Names
- Full name: Glasgow Sharks Australian Rules Football Club
- Motto: "One Goal, One Passion, One Club"

Club details
- Founded: 2003
- Colours: Blue White
- Competition: SARFL / SARFL W
- President: John McIntyre
- Coach: Adam Jack
- Captain: James Hancock Ellie Hancock
- Ground: GHA Rugby Club

Other information
- Official website: GlasgowSharks.co.uk

= Glasgow Sharks =

The Glasgow Sharks is an Australian rules football club in Glasgow, Scotland.

==History==
The Sharks were re-formed in late 2003 by Australian Andrew Butler from what had been the Caledonia Sharks, who had existed in Glasgow for a time during the 1990s existed sporadically.

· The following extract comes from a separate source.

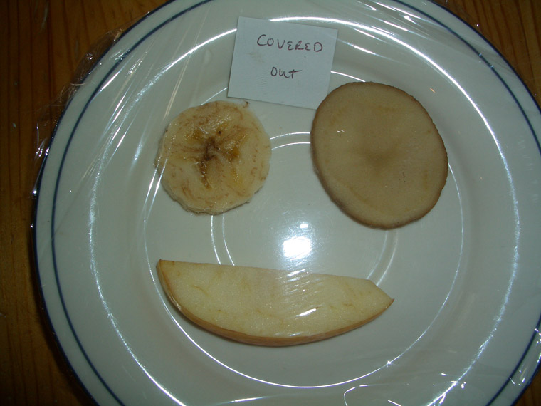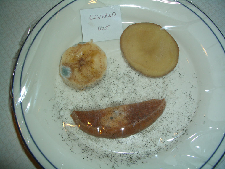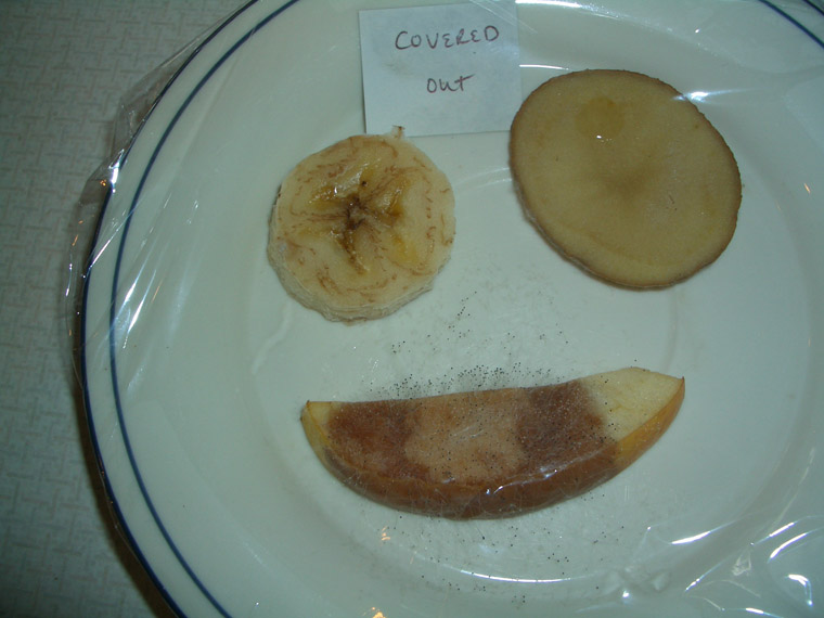 We observed more mold growth on the plate and the banana's gray patch had gotten bigger while another gray patch was growing. (Note: Evan patted the top of the plastic wrap down onto the food just prior to the photo...I attempted to lift the plastic off the food without opening the seal, but the apple and banana did get very slightly squished and the plastic clung to the banana.)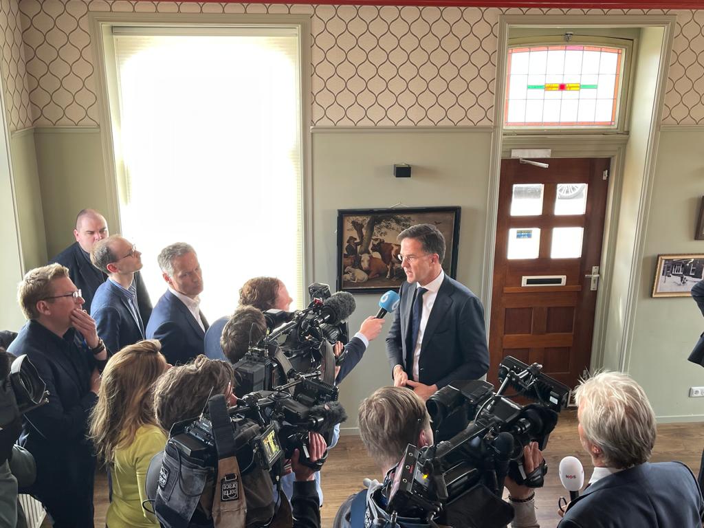 Premier Mark Rutte (VVD) neemt afscheid van burgemeester Koen Schuiling (VVD). Foto: Rieks Oijnhausen

The recreation of the Sharks was down to hard work by Butler to acquire Sponsorship from local Aussie theme bar the Walkabout and recruitment drive on Australia Day providing details of training, contacts. Etc. also hanging Posters in and around Glasgow (Backpacker Hostels, Internet Café's, libraries, Sports Club/Gyms and Shops) inviting anyone to come along and join in. this generated enough interest for Scotland to have their very own Aussie Rules League with a Team back in Glasgow.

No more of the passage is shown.